Data records:
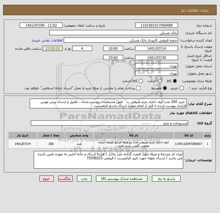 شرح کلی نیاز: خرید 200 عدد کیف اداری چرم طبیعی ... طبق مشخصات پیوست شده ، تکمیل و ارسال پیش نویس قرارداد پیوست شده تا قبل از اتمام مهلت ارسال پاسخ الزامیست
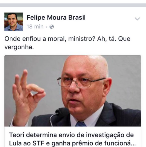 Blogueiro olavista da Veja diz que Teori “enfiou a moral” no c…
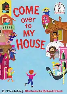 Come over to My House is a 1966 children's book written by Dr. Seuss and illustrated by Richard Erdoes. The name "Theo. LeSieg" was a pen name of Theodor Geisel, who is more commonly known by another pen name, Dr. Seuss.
--
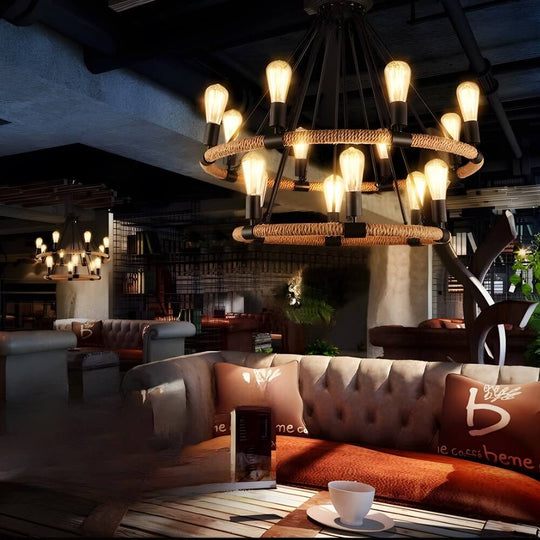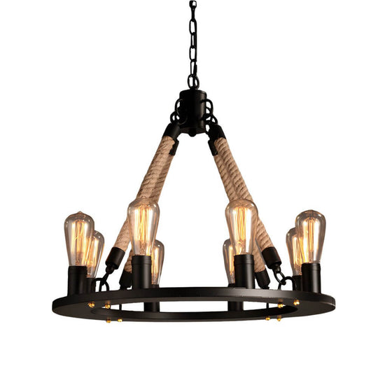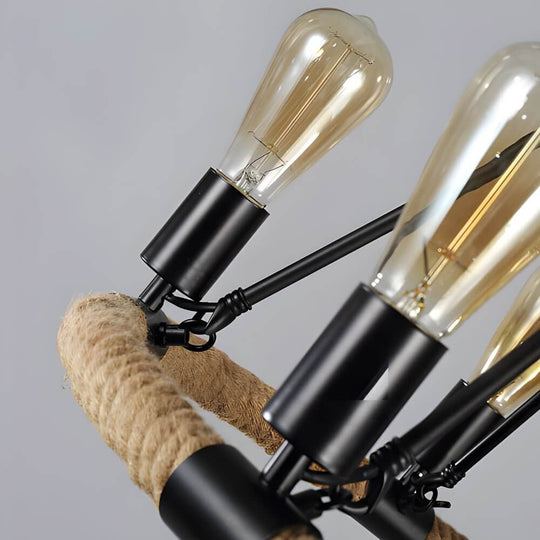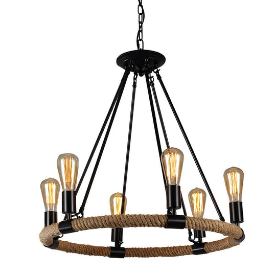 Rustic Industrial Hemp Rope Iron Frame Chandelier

What you have to do: Only the lines of the listing above from the one with "شرح کلی نیاز: خرید" through the one with "Come over to" should be output, exactly, with both ends kept and pictures left out.

Task result:
 شرح کلی نیاز: خرید 200 عدد کیف اداری چرم طبیعی ... طبق مشخصات پیوست شده ، تکمیل و ارسال پیش نویس قرارداد پیوست شده تا قبل از اتمام مهلت ارسال پاسخ الزامیست
 Blogueiro olavista da Veja diz que Teori “enfiou a moral” no c…
 Come over to My House is a 1966 children's book written by Dr. Seuss and illustrated by Richard Erdoes. The name "Theo. LeSieg" was a pen name of Theodor Geisel, who is more commonly known by another pen name, Dr. Seuss.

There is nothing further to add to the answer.